# Freelance Pricing/Bridal ETC....



## ceesee823 (Sep 4, 2009)

Hey all, 

I have booked my first bridal party...I believe and I'm trying to decide on charges.  I have called all of the salons in my area and it seems like they do makeup applications for around $40 per person.  How should this differ from a freelancers charge?  I will be going to the persons home, bring all products etc.  and also touching up before pictures.  Any ideas on a fair start?  Also...one of the salons I spoke to, when I asked them what products they used they told me ULTA! WTF? like that wouldnt melt off in 5 minutes.... I only MAC really and MUFE, and a few other high quality products. Thoughts, ideas?


----------



## banana1234 (Sep 4, 2009)

ulta? lol


----------



## kaliraksha (Sep 4, 2009)

I hope you get great input from the pros in this industry. But, I think you have a good starting off point by calling salons and asking their prices. I think you can charge more because it's a convenience charge of going to them, but you can also discount because you're doing a group (probably?) and are getting lots of business for one drive. If you're just starting out your prices are going to be in the lower end probably, but don't sell yourself short.

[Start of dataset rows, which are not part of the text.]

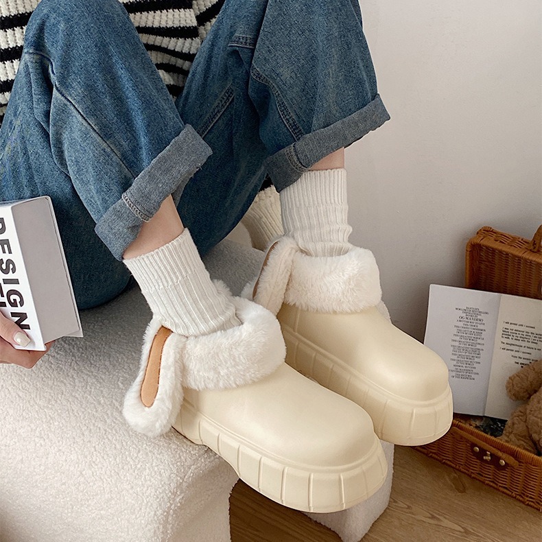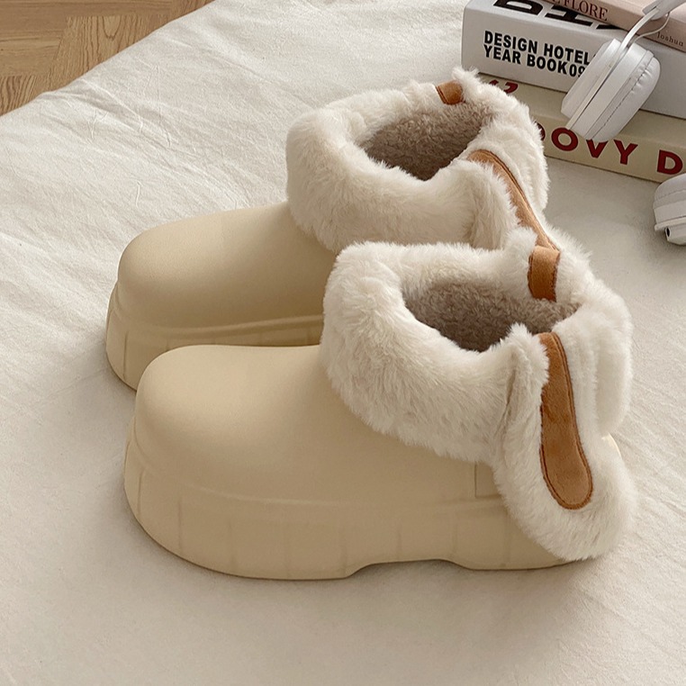 可爱东北防滑厚底雪地靴女款冬季2023新款一脚蹬保暖加绒加厚棉鞋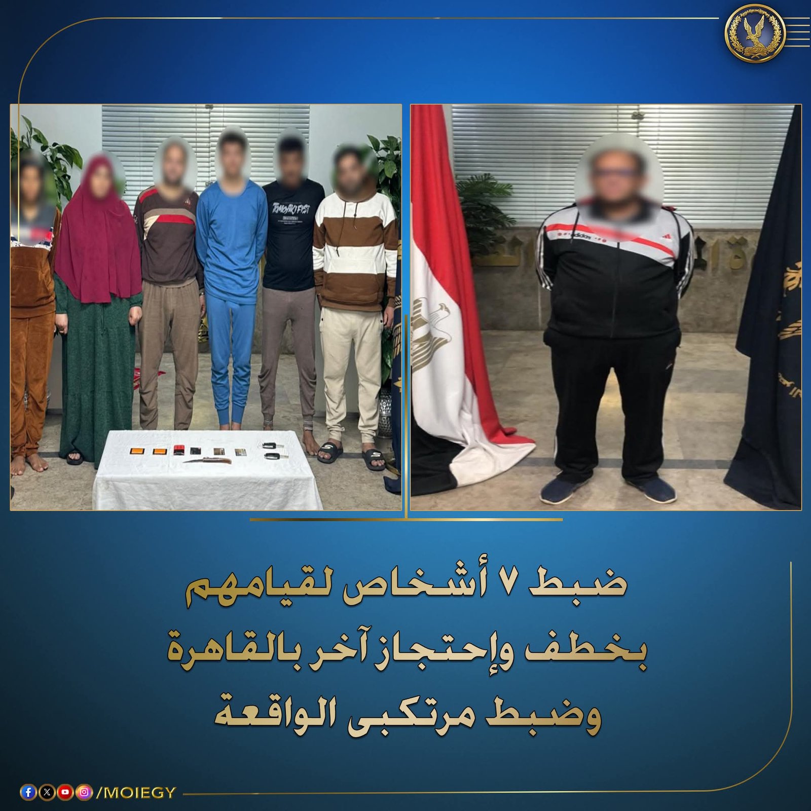 على الفور، أصدر مدير أمن القاهرة ومدير المباحث ورئيس القطاع توجيهات بضرورة السرعة في الفحص والمتابعة. من خلال التحريات، تم تحديد وضبط مرتكبي الواقعة وعددهم سبعة أشخاص. كما تم تحرير المختطف الذي عُثر عليه مصابًا بكدمة في الوجه. وبالتحقيق مع المتهمين، أقروا بارتكابهم الجريمة على النحو المذكور، مبررين ذلك بوجود خلافات مالية بين أحدهم والمجني عليه.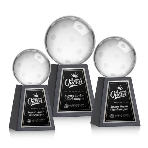 Our Pickleball Award is a tribute to the athleticism and dedication of pickleball enthusiasts. At the heart of this masterpiece is a flawlessly rendered Optical Crystal Pickleball that captures and refracts light in a captivating display. Mounted on a complimenting Optical base for personalization with a Logo or Name. An outstanding award, gift, or keepsake for pickleball tournaments, competitions, or special occasions.

I had my prom makeup done at Ulta in HS... yep, they did use Ulta brand stuff. It was definitely not MAC but it held up overall. 

Good luck and post some pics of your work if you can =)


----------



## LRMakeup (Sep 4, 2009)

Hi!

Where are you located? What you should charge will be much different than what other people in other cities charge. Maybe you should also contact freelancers in your city to see if their prices match up to what you were quoted from the salons.

I live in Los Angeles, and $40 seems pretty low to me. Is that for the bride too? I am pretty sure I (and other freelancers) charge more than most of the salons around here. 

HTH!


----------



## naijapretty (Sep 4, 2009)

Definitely contact freelancers in your area. Google makeup artists, check out their websites and find out what the general rate is. You don't want to undervalue yourself and undercut others. Find out how they price (whether transport, lashes, touch-up kits, etc, are added) and figure out a pricing plan for yourself. HTH


----------